Por Vilvana Damiani Zanellato


No último mês, conforme ampla e mundialmente noticiado, apesar de não ter efeito vinculante, a população do Reino Unido decidiu retirar-se do bloco europeu. Basta relembrar a origem do Common Law, para se concluir que a característica de individualidade apenas permanece, e que a história somente se repete.

Isso porque, diversamente das demais unidades estatais da Europa Ocidental, a Inglaterra, já desde seus primórdios, segue trajetória própria na formação do seu sistema constitucional[1].

Palco de consideráveis turbulências, nas Eras Medieval e Moderna, decorrentes do confronto pelo poder da Realeza, dos Senhores Feudais, da Igreja, da População, da Burguesia e do Parlamento, tendo sempre a figura do Rei em um dos polos, os demais atuavam em busca de um equilíbrio de forças.

As lutas constantes e a situação de extrema instabilidade resultaram na edição de uma Carta, que nada mais retratou senão costumes e decisões proferidas pelos tribunais, com teorias e doutrinas que formavam o arcabouço do Common Law. Consagrou-se um conjunto de princípios e de diretrizes que impunham limites ao poder real, fazendo prevalecer uma série de direitos (e sua preservação) individuais do cidadão: liberdade, propriedade e limite do poder de tributar do Rei.

Pois bem, na Idade Média, destacaram-se a Magna Carta e as suas versões subsequentes, enquanto que, na Idade Moderna, surgiram a Bill of Rights e o Act of Settlement, que formaram o Common Law.

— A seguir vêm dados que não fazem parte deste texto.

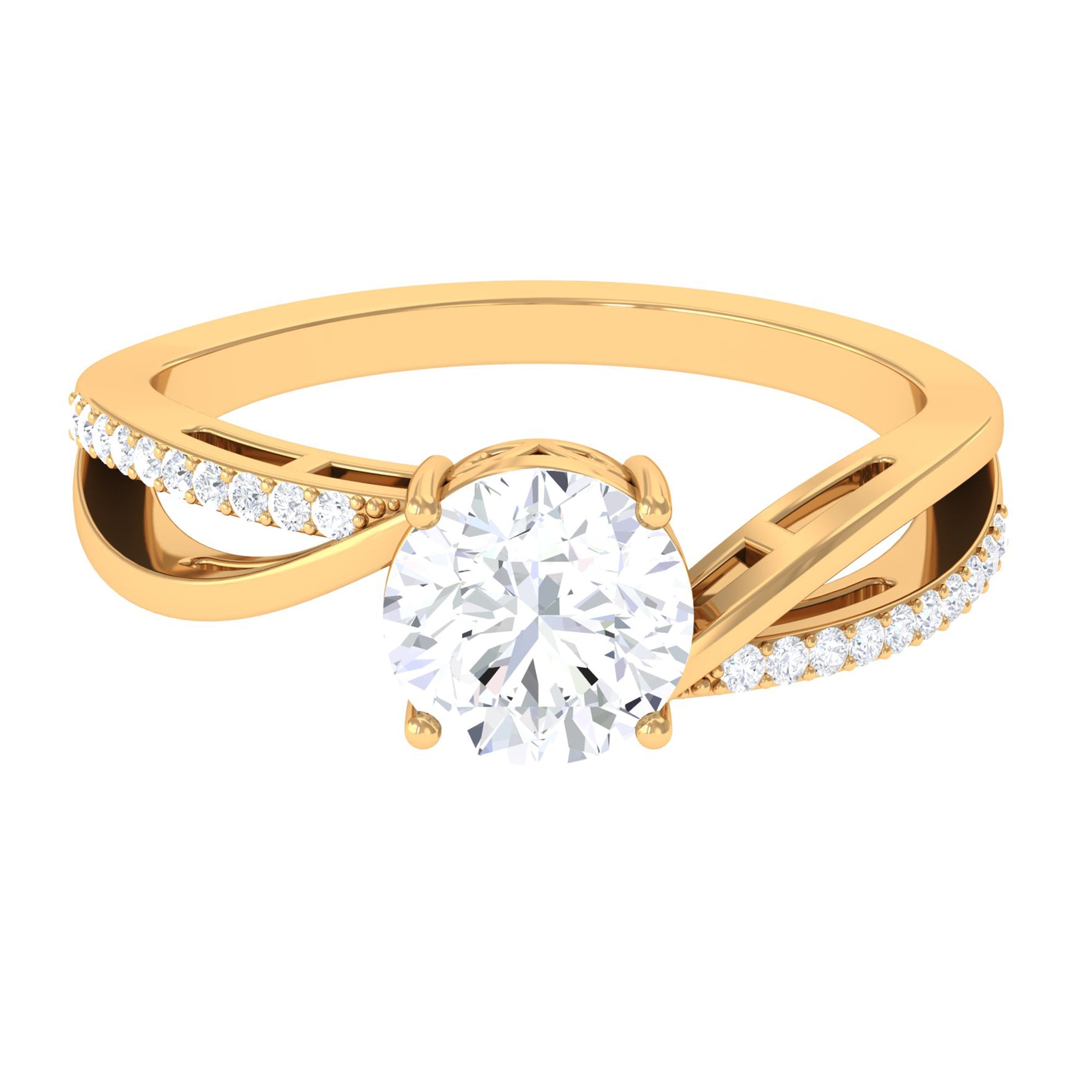 Jewelry has the power to be the one little thing that makes you feel unique. This Bypass Engagement Ring is embellished with Round Cut Zircon in Bypass Shank. This Simulated Diamond Engagement Ring is crafted in gold. Tell your story by wearing this Beautiful Solitaire Engagement Ring.

Tendo inicialmente os costumes como única fonte de direito, no decorrer do Século XIII, as jurisdições da Coroa se desenvolveram em detrimento das locais e mantidas pelos Senhores Feudais. As Royal Courts of Justice foram construindo teorias e reuniram banco de julgados que formaram os primeiros fundamentos do Common Law. As decisões mais relevantes foram compiladas nos Year Books. A ausência sucessiva dos homens que assumiram a realeza prestou-se a demonstrar a possibilidade de o reino ser administrado sem a presença do Rei. A busca do equilíbrio entre a ordem expressa no poder do Rei e as liberdades privadas provocou aperfeiçoamento das instituições jurisdicionais, das leis e da sua organização como meio de abster as investidas da Coroa.

Torna-se visível o nascimento do Parlamento e a separação entre o Judiciário (Corte de Justiça) e o Executivo (Administração).

A propósito, na Inglaterra, não se consolidou o absolutismo da realeza, que sempre teve em seu caminho o senhorio, evitando que o poder perpetuasse totalmente nas mãos do Rei. A relação do Rei com os nobres sofreu abalo, resultando, ainda que de modo tímido, em certa limitação de seu poder. O Rei tinha poder de direito, mas não de fato, pois precisava “pedir” aos Senhores Feudais. Muito embora presente a monarquia, o modelo de governo inglês era regido pelo Parlamento.

Foi daí que surgiu a primeira versão da Magna Carta, que representava atendimento aos pleitos dos barões feudais, que após diversas revisões passou a ser considerada soberana e reconhecida como um legítimo estatuto do Common Law. A consolidação do poder monárquico passou a ser instrumentalizada por meio de norma jurídica de natureza fundamental e estruturante.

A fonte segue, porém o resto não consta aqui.